For the politicians and citizens of the U.S., the Greek turmoil should serve as a cautionary tale about national debt. The dire problems in Greece's situation raise questions about the optimistic scenario that the U.S. economy will inevitably get back on track, pushing the stock market, savings account interest rates and real estate prices higher in the process.

The Greek dilemma

The dilemma faced by the Greek parliament is a matter of picking their economic poison. The government's out-of-control debt demands dramatic budget cuts, but those budget cuts will further handicap an economy that is already in shambles. As just one illustration of this situation, the new austerity plan calls for 150,000 government layoffs at a time when the unemployment rate is already at 21 percent.

The Greek people lashed out at the new austerity measures with protests by 80,000 and riots that left parts of Athens in flames.
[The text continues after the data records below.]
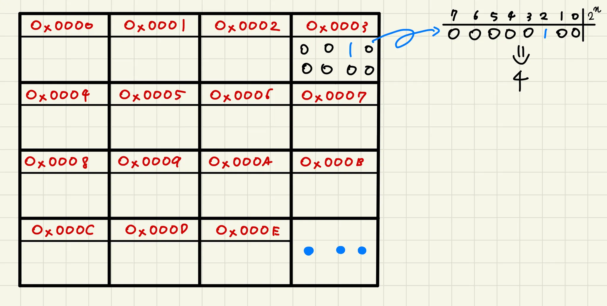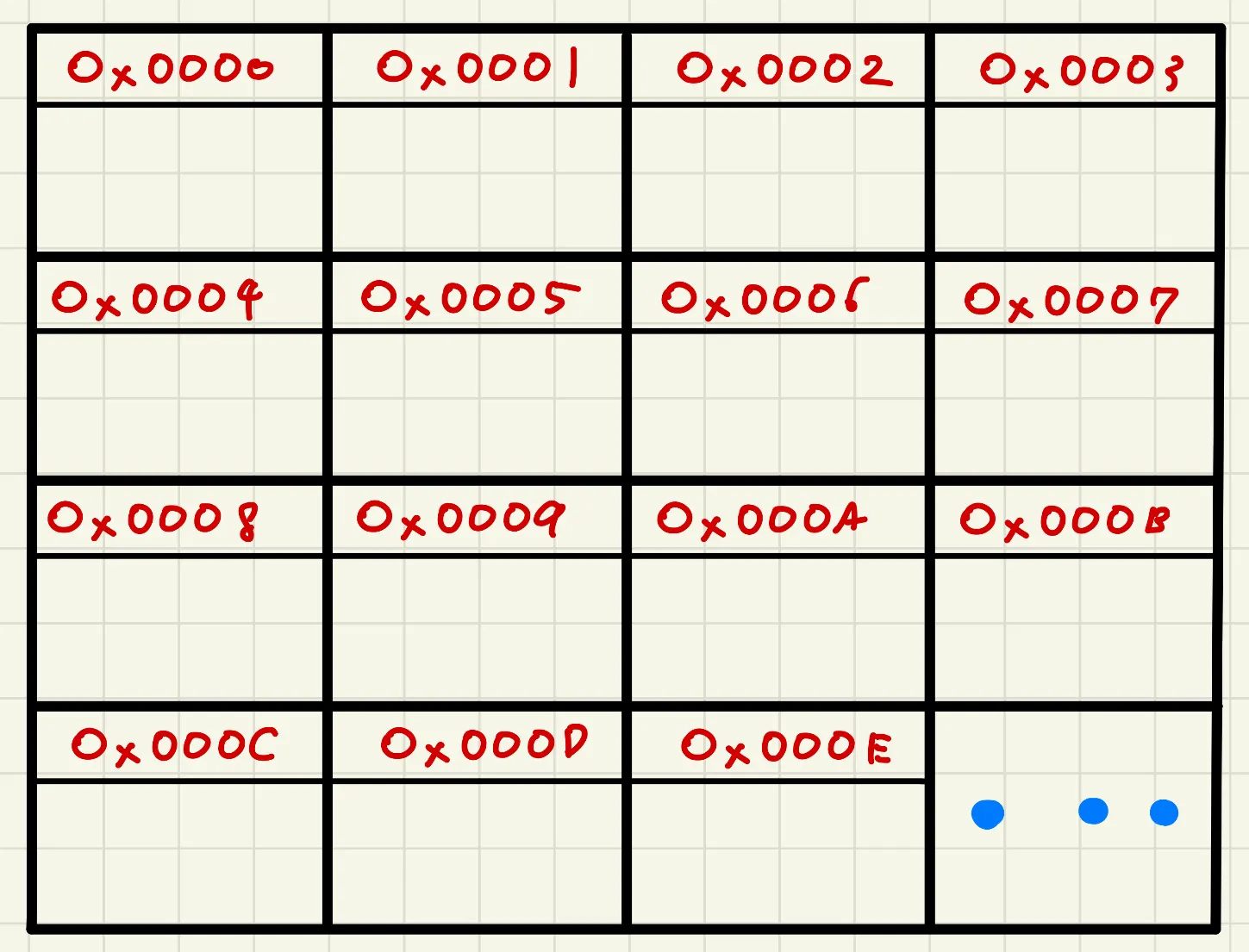 8 bit를 표현할 수 있는 각 공간은 아파트의 호수와 같이 고유한 주소지를 가집니다. 이때 이 주소지는 16진수를 이용하며 0부터 시작해 메모리의 공간의 끝까지 부여되어 있습니다. 즉, 1번째 방은 0x0000이고 6번째 방은 0x000F, 17번째 방은 0x0010이 되겠죠.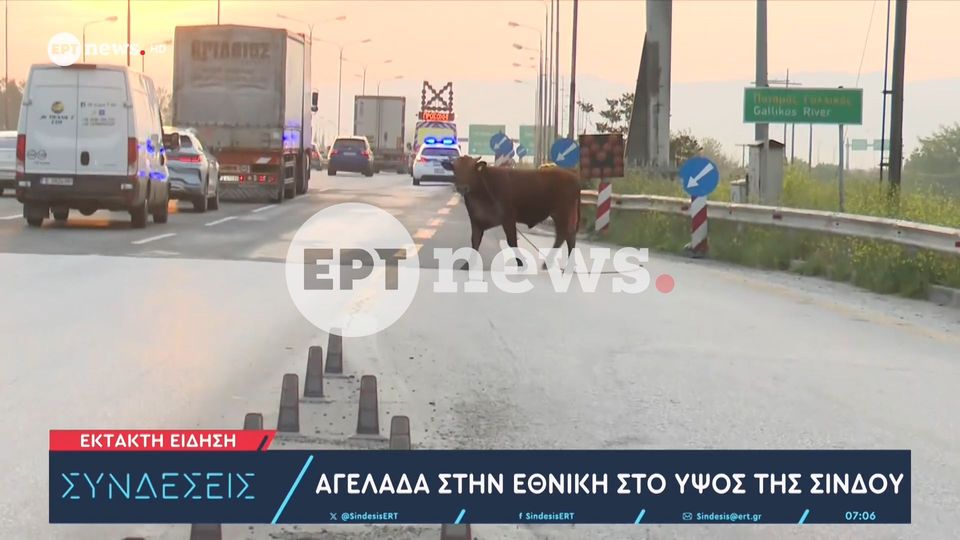 Μια αγελάδα βγήκε στην Εθνική Οδό Θεσσαλονίκης-Αθήνας στο ύψος της Σίνδου με αποτέλεσμα να προκληθεί κυκλοφοριακό κομφούζιο!
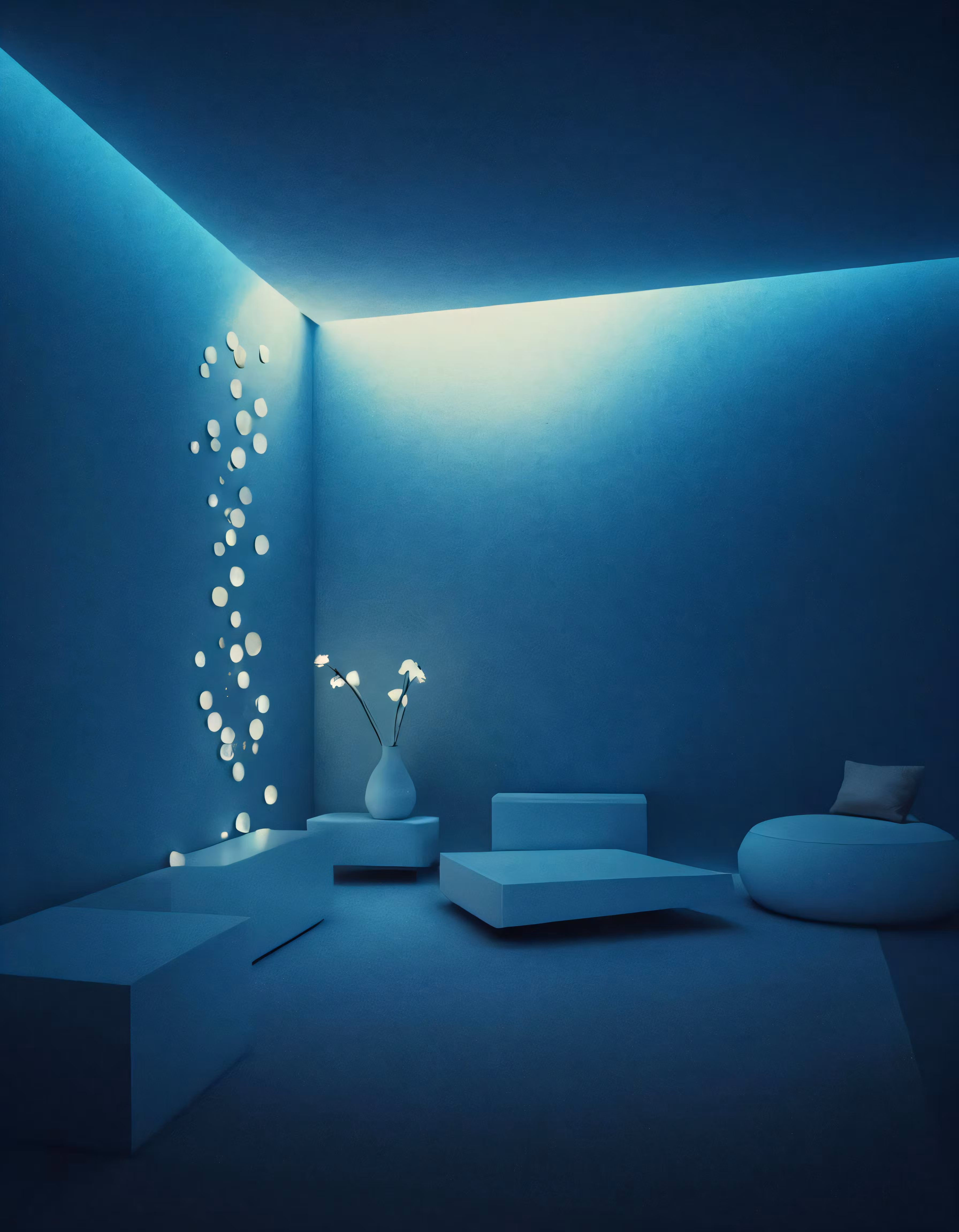 High resolution picture, free to use, a blue and white room with furniture and lights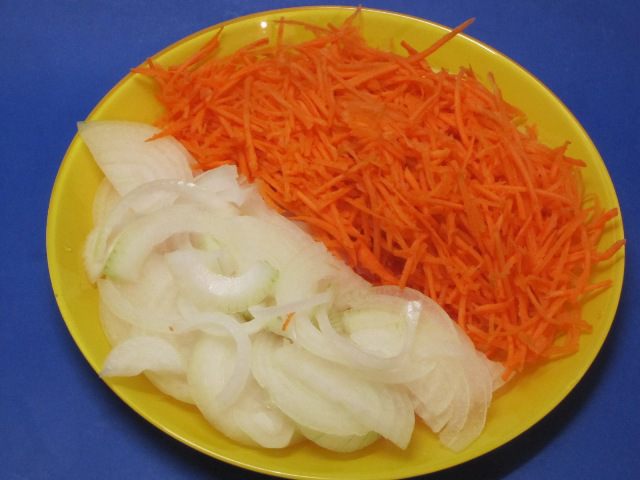 Морковь очистить, натереть на терке для моркови по-корейски. Лук очистить, нарезать тонкими полукольцами.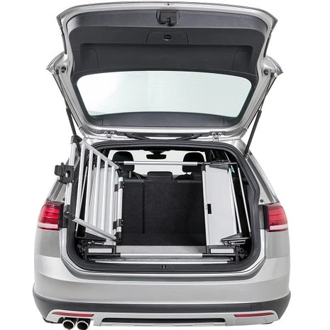 Maak de bagageruimte tot hondenbox. Voor plaatsing achter de klep. Geschikt voor bijna elk type auto. Breedte traploos aan te passen door verstelbare zijdelen, verstelbare hoek van het hek. Dankzij dit artikel kan de bagageruimte geheel gebruikt worden als ligplek. Eenvoudig in te klappen en op te bergen.Â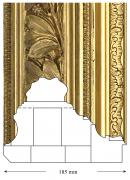 The basic structure of this frame is made up from a number of timber sections, glued together to form an inverted ‘U’ shape, which has subsequently been profiled and the torus section added. The torus sits on a relatively thin base. The overall structure is braced at the centres on the reverse and at the corners. The torus appears to be from plaster and is a high-relief, large-scale pattern of laurel and berry. The corners carry a broad band. The torus section has very few cracks and sits on a broad, flat, leading edge. The smaller runs of ornament are from composition. The frame is gilded throughout. The inner cavetto is burnished on a red bole. The other surfaces are matte, possibly carrying a matte size layer. The torus appears to be oil gilded. The gilding runs through to the working edge.
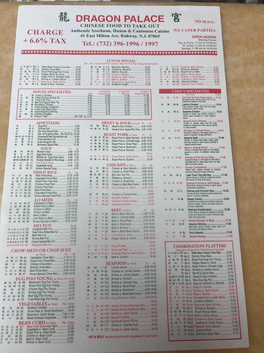 Dragon Palace offers a variety of traditional and flavorful Chinese dishes, catering to a wide range of tastes. For appetizers, you can start with the crispy Egg Rolls or the light and fresh Spring Roll. Their chicken selection includes the savory Chicken with Black Bean Sauce and the rich Chicken with Mushroom, both offering distinct, satisfying flavors. If you're in the mood for soup, the comforting Wonton Soup or the hearty Wonton Egg Drop Soup Mixed are excellent choices. For fried rice lovers, the Vegetable Fried Rice and Roast Pork Fried Rice are classic options, each bursting with flavor. The chow mein offerings, such as Chicken Chow Mein and Shrimp Chow Mein, feature tender noodles paired with well-seasoned meats and vegetables. Whether you're craving something light or a more filling dish, Dragon Palace's menu promises a delicious experience for all.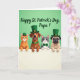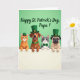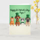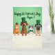 Designed with a cheerful group of four animal friends, the scene shows two cats and two dogs facing forward and peeking over an off-white ledge, their paws resting close together as if they’re leaning in for a friendly photo. A striped orange cat with bright green eyes sits beside a calm brown dog, while a sleek gray-and-white cat and a wrinkled fawn-colored dog complete the lineup with gentle, affectionate expressions. The background is a solid light green field that sets a festive St. Patrick’s Day mood 💚. Three of the pets wear small green top hats with gold buckles, and the accessories tie the group together with a green bow tie on one cat and a matching green collar on one dog ☘️. Their close spacing and soft, attentive gazes suggest camaraderie, like they’re sharing a sweet moment with the viewer. Above their heads, a greeting appears in deeper green lettering, centered near the top and easy to read against the light background. The off-white ledge runs straight across the lower portion of the design, with the pets’ paws lined along its edge.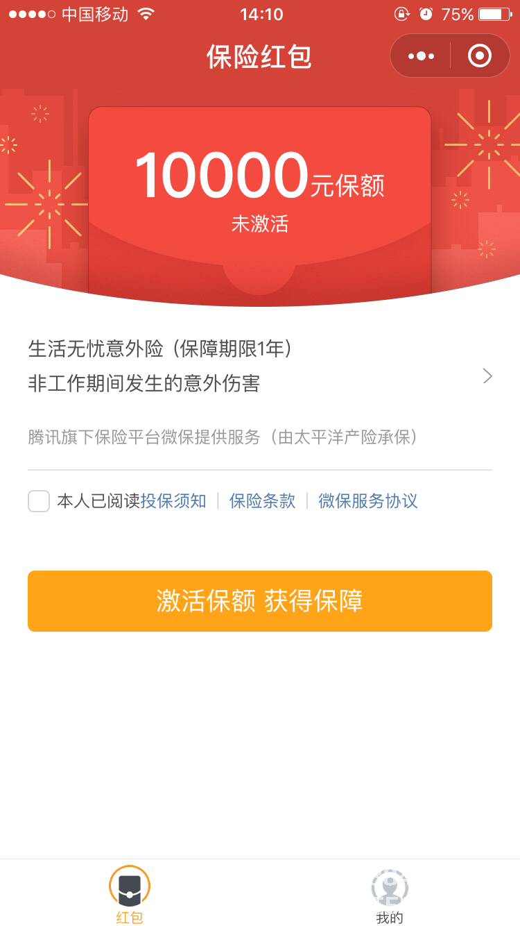 最近,腾讯微安全已悄然上线“保险红包”小程序。 微信用户第一次登录“保险红包”小程序,您将收到1万元一年无忧无忧意外保险〜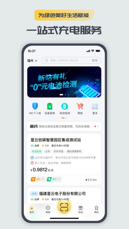 查看充电站点信息和电桩实时状态。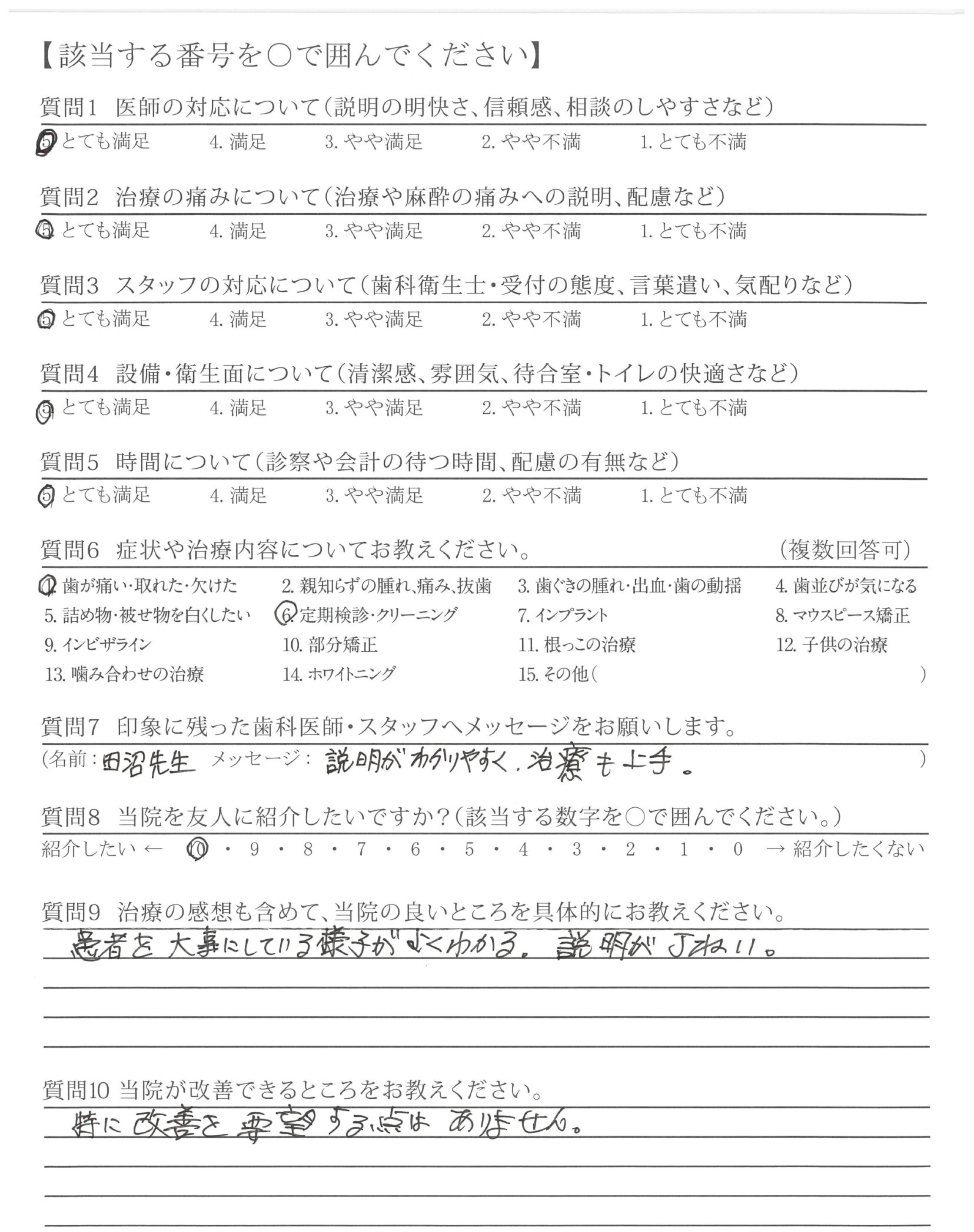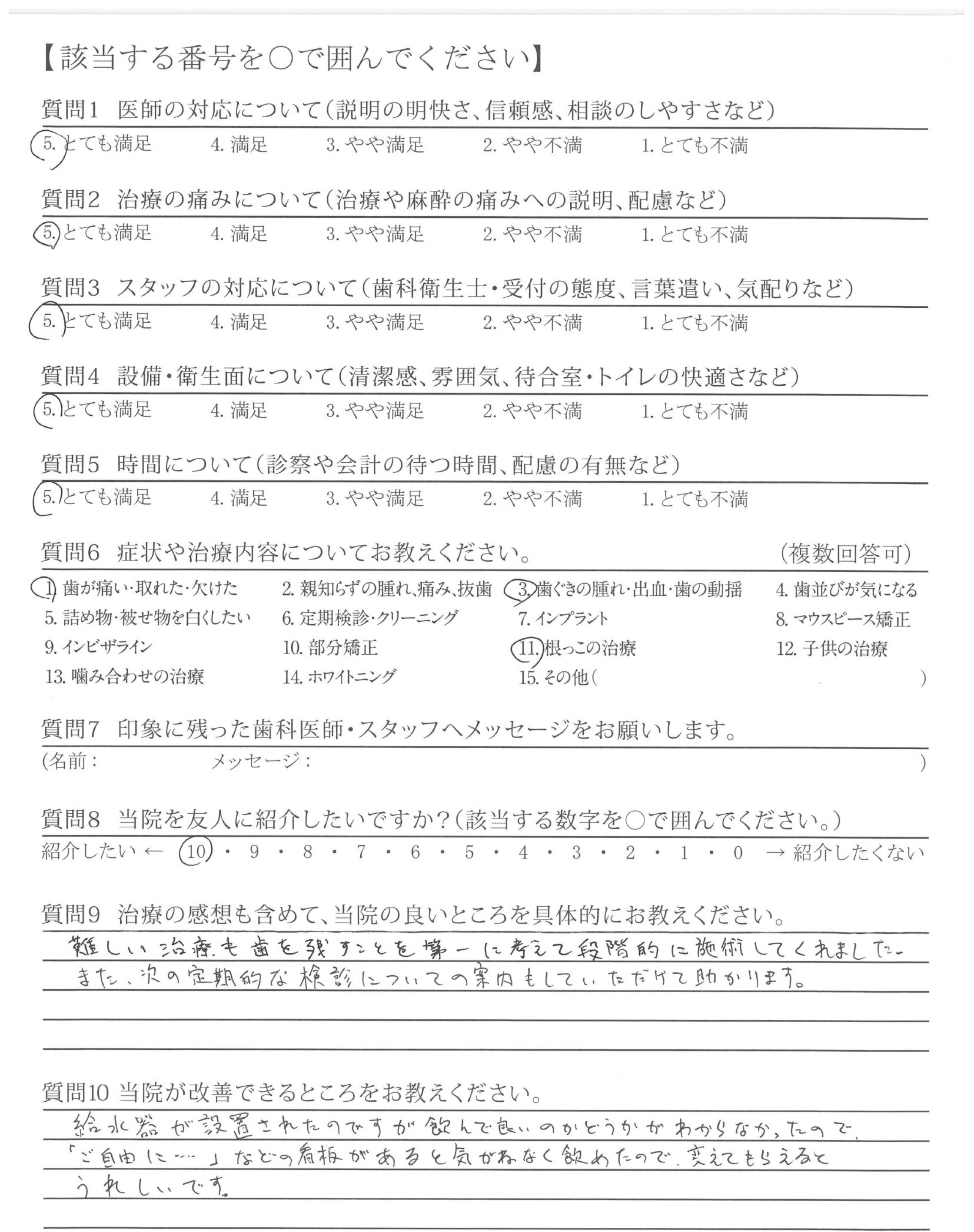 初診時のアンケート通り、希望に促した対応をしていただいたこと。またテキパキと最速・最短で治療していただきました。また、予約した時間通りに、全く待ち時間無く治療開始していただきとても信頼できました。

As irrational as this reaction may seem, it is important to recognize the element of denial in it that is part of human nature. After all, to the man on the street, defaulting on government debt is a somewhat abstract concept, whereas the lack of jobs is a concrete and immediate problem.

The Greek parliament wasn't wrong to approve the austerity measures -- defaulting on the government's debt would result in extreme budget constraints as well, and with less chance of controlling the process -- but that doesn't mean the country's citizens are going to take the medicine cheerfully.

Lessons for America

All of this is worthy of note here in the U.S. for two reasons:
  • Trouble in Europe could still upset the apple cart for the U.S. economy. Right now, things seem to be progressing smoothly -- growth is picking up and unemployment is easing. The stock market has rallied, and continued prosperity should build support for two areas that badly need it: savings account interest rates and housing prices. However, an economic slowdown in Europe or a new financial crisis resulting from sovereign debt problems could drag the U.S. economy back down.
  • Fiscal responsibility is not always popular. In an election year, politicians want to create the illusion that they can balance the budget without tax increases or spending cuts. Denying responsibility in this way is the same kind of poor leadership that has led to Greece's predicament.
  • In the end, economics will impose its will on a situation regardless of popular sentiment. The Greeks are facing this harsh reality now, and it is a lesson that should not be lost on the people and government of the U.S.